**Abstract**

Diagnostic and prognostic prediction is crucial for clinical decision-making in cancer patients. In order to identify prognostic biomarkers of cancer, we created an automated way to find the intersection between differentially expressed essential genes, genes with significant expression changes, and genes that have significantly impacted survival rates in various cancer patients.

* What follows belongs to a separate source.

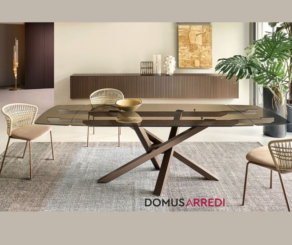 Cod.10805 - Il tavolo Shangai di Riflessi offre innumerevoli soluzioni cromatiche per meglio addattarsi al living contemporaneo; gusto raffinato ed esclusivo. La sedia Soffio in corda nautica intrecciata a mano e la madia sospesa Onda completano il tutto. Preventivi personalizzati scrivendo a info@domusarredilissone.it.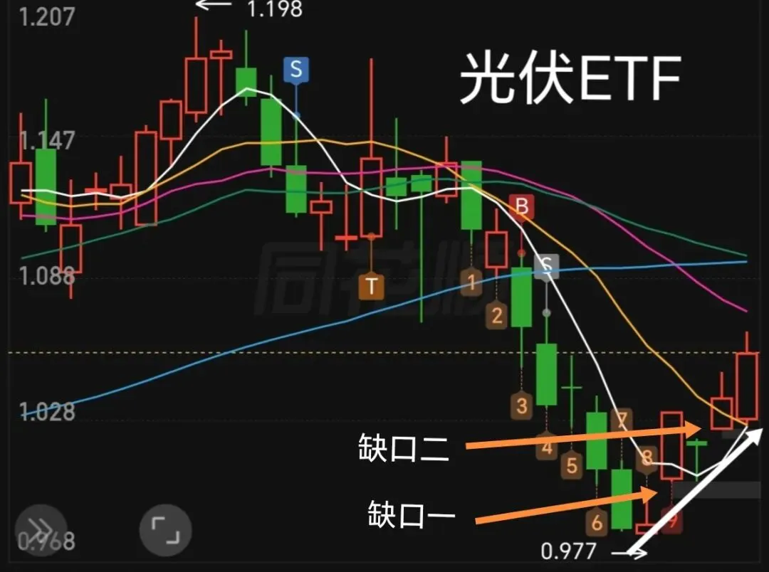4、光伏ETF华泰柏瑞(515790)在上一交易大涨1.97%,今天再次长阳大涨1.83%,已脱离底部区域,形成反转态势。但光伏在从底部上涨途中留有两个跳涨缺口。A股向来是逢缺必补,这两个缺口是近期的一个隐患,特别是近期的那个缺口。

Considering the speed of our program, we were able to repeat the process for more than 20 types of different cancers, and for each of them, found overexpression of certain genes to be significantly associated with worse overall survival for the relavant cancer.

With this code, our process is easily repeatable for any future data that may come to light.

**Method**

For each cancer type, our method includes finding the intersection of genes from 3 different databases: 1) the collection of essential genes for that cancer type, 2) the collection of overexpressed genes for that cancer type, and 3) the collection of genes that have significantly impacted survival rates from that cancer type.

1. The collection of essential genes for that cancer type. These essential genes are pulled from Behan et al's "Prioritization of cancer therapeutic targets using CRISPR–Cas9 screens", specifically table 2 [1]. 

    All cancer types are recategorized based on TCGA study abbreviations, and filtered for each specific cancer type [2]. 

    Genes that are present in more than 50% of cell lines are considered as essential, computed via excel and placed in the folder: Differential Expression

2. The collection of overexpressed genes for that cancer type
    The collection of overexpressed genes are downloaded from Gepia's differential genes analysis via cancer type analysis [3]. 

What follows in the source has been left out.